Overview

The theory of interactive proofs has been one of the most successful developments in complexity theory since the 80s. The study of how algorithms interact and the complexity classification of what can be computed this way led to beautiful and foundational results in complexity theory, such as the celebrated IP=PSPACE results which shed light on the surprising power of interaction and randomness in proof systems, but also represented the first major example of an equivalence between complexity classes that escaped the relativization barrier, a barrier at which complexity theorists had been stuck for long.

In the 90s, the study of interactive proofs led to the development of zero-knowledge proofs, a concept that transformed cryptography and paved the way to numerous modern applications, including but not restricted to digital signatures, secure computation, anonymous credentials, and other authentication mechanisms, CCA security, and many more. More recently, the study of succinct interactive proofs and arguments has seen an impressive development due to its applications to cryptocurrencies and anonymous transaction systems, and succinct proof systems are routinely implemented and deployed in the real world.

Get a strong background on the mathematical and complexity-theoretic foundations of interactive proofs through some of its major achievements (IP=PSPACE, zero-knowledge proofs for all statements in NP). Explore how these foundational results introduced techniques and methods that enabled the development of modern succinct argument systems (arithmetization, interactive generalizations of PCP-style proof systems). Learn some of the latest developments in the area.

Basic notions of computability theory and complexity theory, basic notions of probability. First-year master's level in standard algebra, algorithms, and cryptology.

2-hour class sessions (with slides or blackboard lessons), followed by 1h of tutorial. Tutorials will typically consist of answering questions and providing corrections for exercises given at the end of the 2-hour class session.

Two of the tutorials will be replaced by a 1h correction of the midterm homework (given to the students after the first half of the course) and by a 1h collaborative focus on some research articles addressing specific points left aside by the course (articles distributed to groups of students in advance).

• Geoffroy Couteau, CNRS Research Scientist at Université Paris Cité, IRIF

The first course is on Wednesday, December 10, 12:45 to 15:45. The course is taught weekly (Wednesdays 12:45 to 15:45) until February 25th, 2026, except during the weeks of December 22nd to January 2nd (Winter holidays). The outline below might change slightly. Each item corresponds to one week (2h of courses + 1h of tutorial).

1. Brief reminders on basic notions of complexity theory: Turing Machines, P, BPP, and NP, PSPACE examples (polynomial identity testing, 3 coloring).
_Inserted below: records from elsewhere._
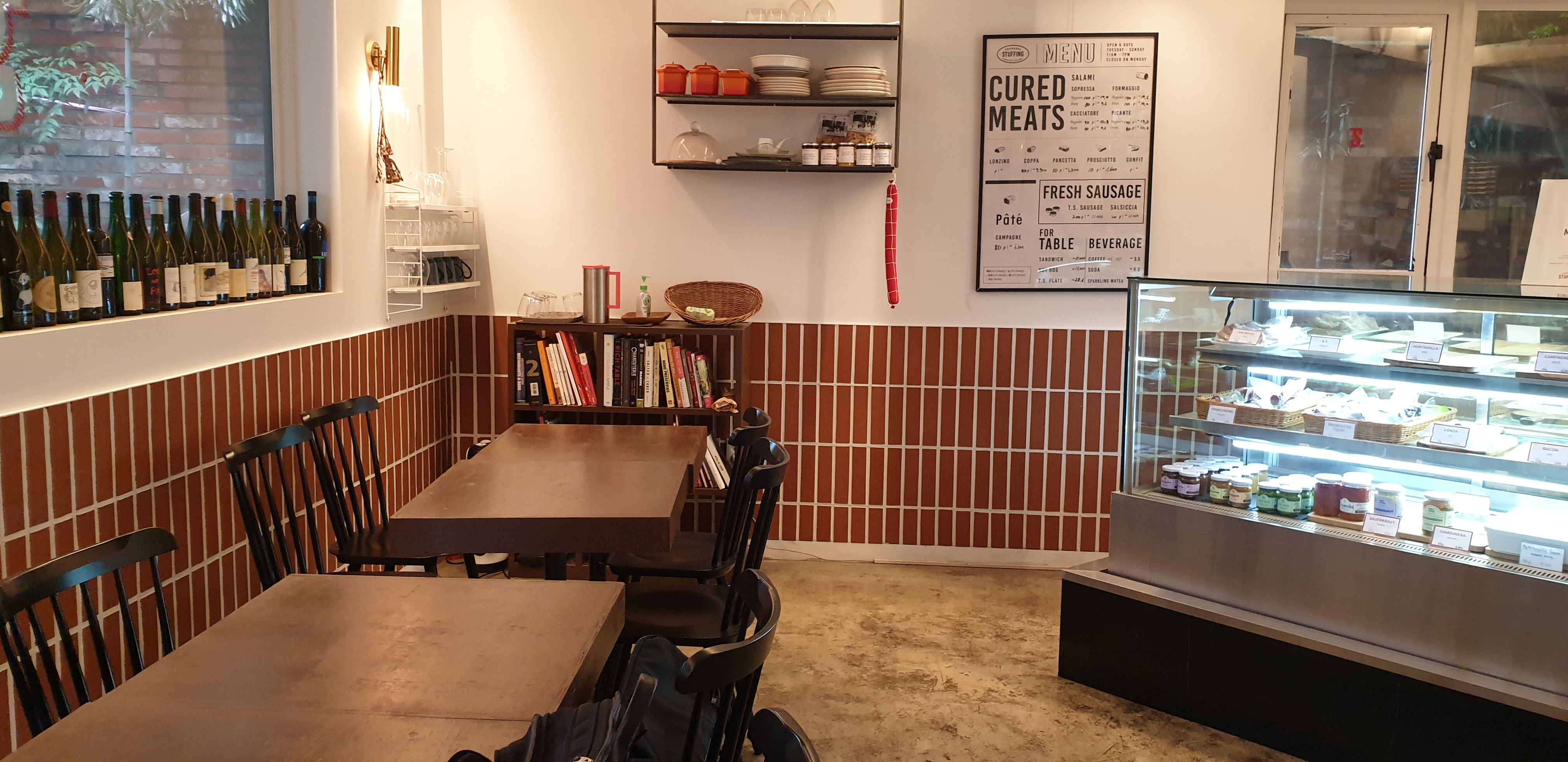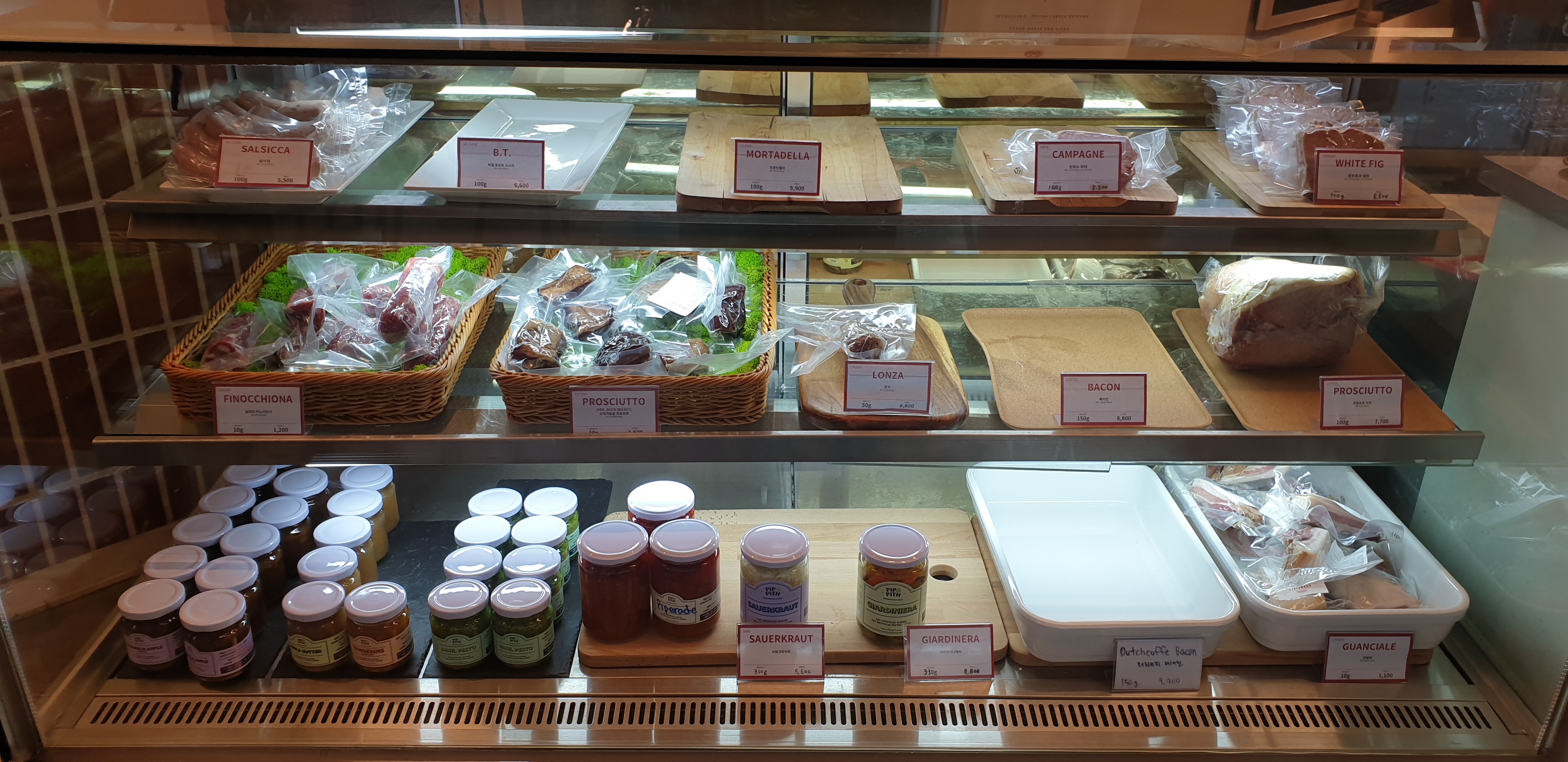 반지하로 되어 있는 가게 안으로 들어가면, 큰 창을 내어 시원한 느낌을 주는 식사 공간과 카운터가 눈에 들어온다. 카운터 왼쪽의 디스플레이에는 그날 나와서 팔리고 있는 가공육과 각종 소스류들이 전시되어 있다. 기본적으로 이 집의 식품류는 무엇 하나 빠짐없이 다들 너무 맛있기 때문에, 늘 가게에 올 때마다 깊은 고민을 하기 일쑤다. 이번에 갔을 때에는 소시지류와 깜빠뉴 종류가 주를 이루고 있었고, 생햄은 오리 프로슈토와 프로슈토 꼬토 정도가 준비되어 있었다. 매번 갈 때마다 준비되어 있는 가공육의 종류가 다르기는 하지만, 기본적으로 소시지와 살라미류, 특히 샌드위치에 넣기 좋은 모르타델라는 거의 항상 준비되어 있는 편이다.
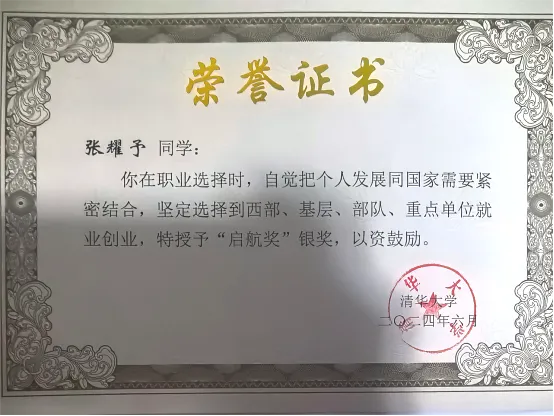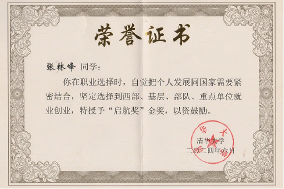 2024届博士生张林峰、张耀予同学分别荣获清华大学毕业生“启航奖”金奖、银奖。自2006年设立以来,“启航奖”旨在表彰“到党和人民需要的地方发光发热”的优秀毕业生,积极鼓励和引导优秀毕业生前往国家重点地区、行业和领域就业创业。
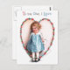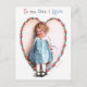 Une charmante carte postale vintage Valentine avec une mignonne petite fille timide avec une lettre d'amour devant un beau coeur de fleurs, peinte par l'illustratrice et artiste commerciale américaine Ellen Hattie Clapsaddle.

Definition of the classes IP, AM, coAM. Examples on each, examples to show IP contains non-trivial complexity classes (GNI - graph non-isomorphism).
2. Structural results about IP: deterministic-IP = NP, non-interactive-IP = MA (widely conjectured equal to NP). GNI is in AM (suggests AM not in NP). AM[constant] = AM[2]. CoNP ⊆ IP. Arithmetization: The arithmetization of a problem and the sumcheck protocol. Proofs of correctness and soundness for the sumcheck protocol.
3. Proof that IP = PSPACE, the arithmetization of true quantified boolean formulas.
4. Zero-Knowledge: definition of honest-verifier zero-knowledge, examples: zero-knowledge for the graph isomorphism problem. Zero-knowledge for all of NP via 3-coloring, using encryption/commitments.
5. Proofs versus arguments, arguments of knowledge, the PCP theorem. CRHF, Merkle commitments, and the Kilian protocol for succinct arguments.
6. Schnorr signature and Schnorr proofs. The notion of special soundness. The Fiat-Shamir heuristic, and the Forking Lemma. Chaum-Pedersen proofs for proving discrete logarithm equality. Generalization to linear group morphisms (Maurer Proofs). Sigma Protocols.
7. Succinct arguments of knowledge: compressed Sigma Protocols, Bulletproofs, and SNARKs.
8. Interactive Oracle Proofs, Polynomial Interactive Oracle proofs, Polynomial commitments. Examples of commitment schemes, via compressed sigma protocols and Fast Reed-Solomon Interactive Proofs (FRI).

Session 1. Partial exam, in the form of homework, given at the end of the 4th course; duration: two weeks. The partial gives rise to feedback from the students after correction. Written exam in the classroom during the exam period at the end of the period. All written documents are authorized. Final grade = max(E, (P+E)/2), where E=exam grade, P=partial grade.

Session 2. At the request of the students concerned. With few exceptions, session 2 is only granted to students who have passed and failed session 1. The format depends on particular cases, and may take the form of a written or oral exam, or another form. Session note 2 replaces session note 1 where applicable.